The problems described above lead us to develop the Ddt (Domain Debug Tools) package. This package allows the verification of the coherence of sub-sets of the database, both syntactically and semantically. Most known errors are detected by Ddt. Therefore, this package can play an important role helping DNS administrators. Besides this, it also allows the production of several statistics over the DNS data, as for example hosts per domain, more popular names, etc.
The Ddt package is a set of commands working over zone files, cached locally. We took this option because it allows an efficient analisys of the coherence of a set of zones. This is the only way some errors can be detected. Furthermore, it is much more efficient to work over local data than querying servers on line. When the connections aren't good enough, as is in our situation, this is the only realistic alternative. Zone files may be outdated when they are analyzed, however, even if the servers were queried on line, it is also possible to face a similar situation. This means that working over cached data is really the only correct alternative.
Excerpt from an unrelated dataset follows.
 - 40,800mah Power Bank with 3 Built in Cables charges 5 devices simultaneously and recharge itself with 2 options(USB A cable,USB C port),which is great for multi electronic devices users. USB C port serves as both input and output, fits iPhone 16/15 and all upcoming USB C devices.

In order to debug and test the effectiveness of Ddt, we have run a full test over a sub-set of the DNS database, mostly concerning the European countries. During the week from April 13th to April 20th we cached in our site almost all the european zone files and ran an extensive analysis of this data. This allowed us to obtain some conclusions about the most usual errors, as well as some interesting results about the several ``cultures'' used by DNS administrators in the different countries, etc. Furthermore, this analysis allowed us to discover several paradigmatic errors. Some are simply ``curious or funny'', however, some are dangerous and should be quickly corrected. Some of those results take the form of statistics tables.
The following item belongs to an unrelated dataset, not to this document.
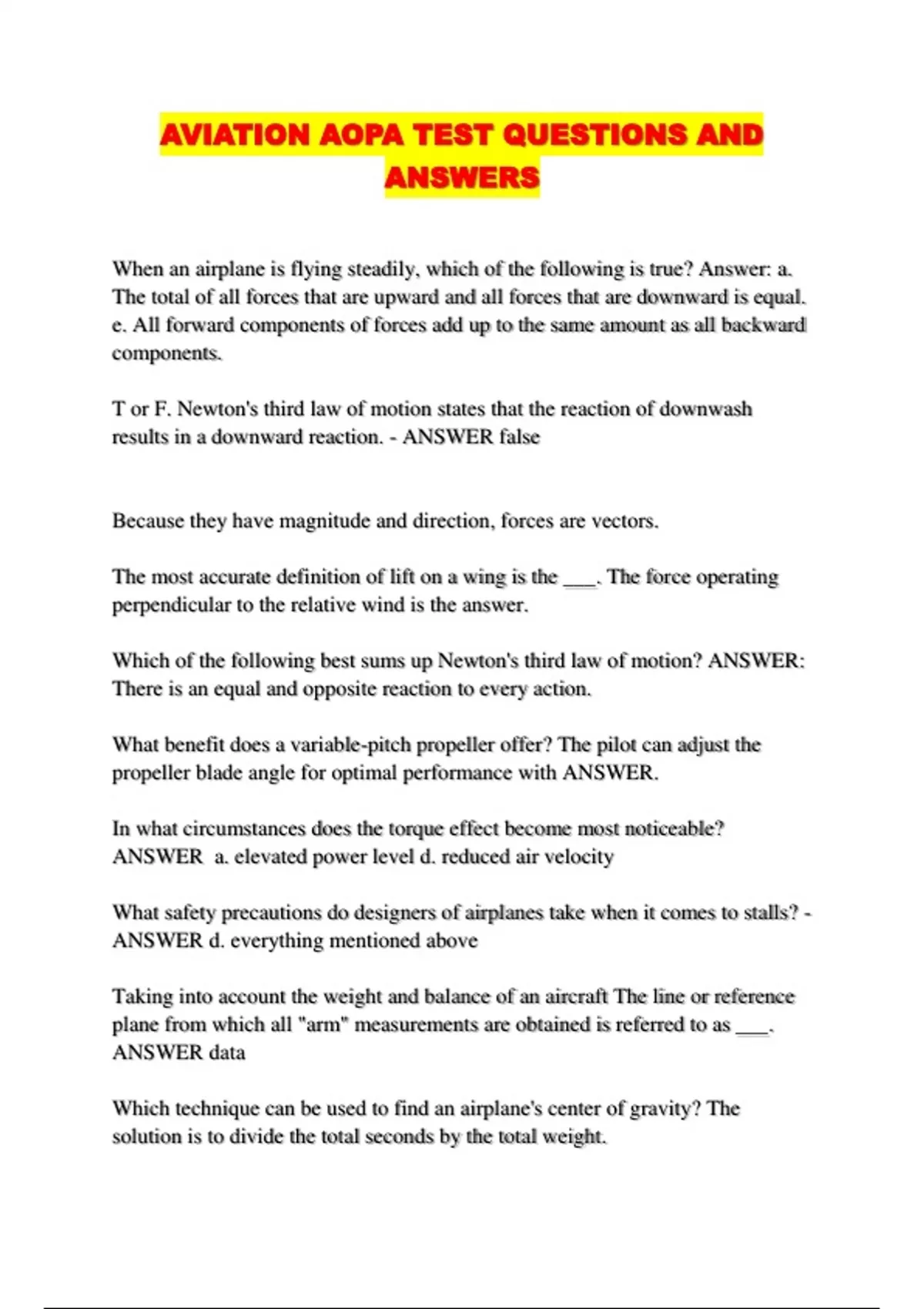 When an airplane is flying steadily, which of the following is true? Answer: a.

The reader should be aware of the fact that the examples shown are real ones. Some of them have been corrected since the data used for the analysis has been cached however, they were present in the european DNS the night of the 14th April 1992.
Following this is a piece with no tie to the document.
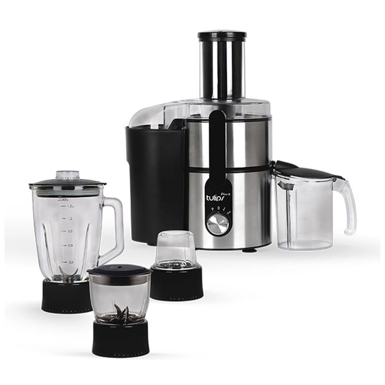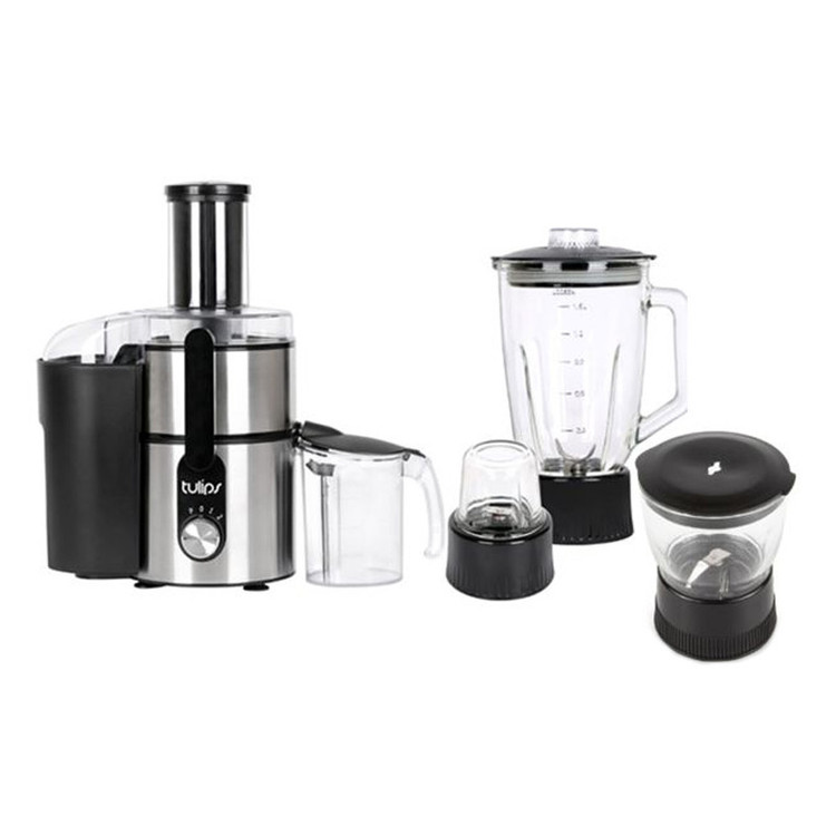 آبمیوه گیری تولیپس مدل Fj-A480 از قدرت و کیفیت مناسبی برخوردار است. صدای ایجاد شده توسط این آبمیوه گیری مانند آبمیوه گیریهای قدیمی بسیار زیاد و آزار دهنده نیست. همچنین تیغههای آن از کیفیت مناسب ساخته شدهاند و بسیار تیز هستند. برای خرید یک آبمیوه گیری خوب به قطر دهانه آن توجه کنید. امروزه اکثر آبمیوه گیریها، برای راحتی کاربران با قطر دهانه بزرگ ساخته شدهاند. بزرگ بودن قطر دهانه، یکی از مزیتهای یک آبمیوهگیری خوب محسوب میشود چرا که به شما این امکان را میدهد تا میوههای کوچک و متوسط را بدون نیاز به برش آبگیری کنید. یک پارچ مخصوص برای آبمیوه گیری تولیپس مدل Fj-A480 طراحی شده است تا در برابر دهانه خروجی قرار گیرد و آب میوه در آن جمع آوری شود. کاربران گرامی میتوانند از ظرف دلخواه و مناسب نیز برای جمع آوری آب میوه استفاده کنند. محفظه جمع آوری تفاله که در قسمت کناری محصول قرار دارد از پلاستیک ساخته شده است. همچنین این محفظه از ظرفیت مناسبی برخوردار است و نیاز به تخیه پی در پی در استفاده طولانی مدت ندارد. مخلوط کن و خرد کن این محصول دارای یک پارچ مخصوص مخلوط کن است که به بدنه اصلی و موتور دستگاه متصل میشود و دستگاه به راحتی تبدیل به یک مخلوط کن و یا خرد کن میشود. پارچ مخلوط کن، خرد کن و آسیاب از شیشه مرغوب ساخته شده است که حالت شفاف دارد و مواد درون آن دیده میشوند. در این پارچ دارای جایگاه مخصوص برای اضافه کردن مواد در حین کار است. با وجود این جایگاه مخصوص، میتوانید انواع مواد مانند شکر و... را در حین کار کردن دستگاه و بدون نیاز به خاموش کردن موتور اضافه کنید. آسیاب بهمراه آبمیوه گیری تولیپس مدل Fj-A480 یک آسیاب کوچک نیز وجود دارد که برای استفاده از آن نیز باید آن را به موتور دستگاه متصل کنید. تیغههای آسیاب نیز از جنس خوب ساخته شدهاند و بسیار تیز هستند که به سرعت موادی مثل گردو و... را آسیاب میکنند، سرعت مختلف این محصول دارای دو سرعت کم و زیاد و عملکرد پالس است. با توجه به نیاز خود و نوع مواد، امکان استفاده از سرعت مناسب وجود دارد.

This paper presents our work and the results obtained during the analysis of the european DNS data. Sections 2 and 3 present an introduction to the DNS as well as the rational behind DNS administration and the reasons that provided motivation for building Ddt. Section 4, named ``European DNS culture and folklore'', presents the results we got while analysing the european DNS data. Finally, section 5 closes the paper with some remarks about the limits of Ddt as well as some open issues.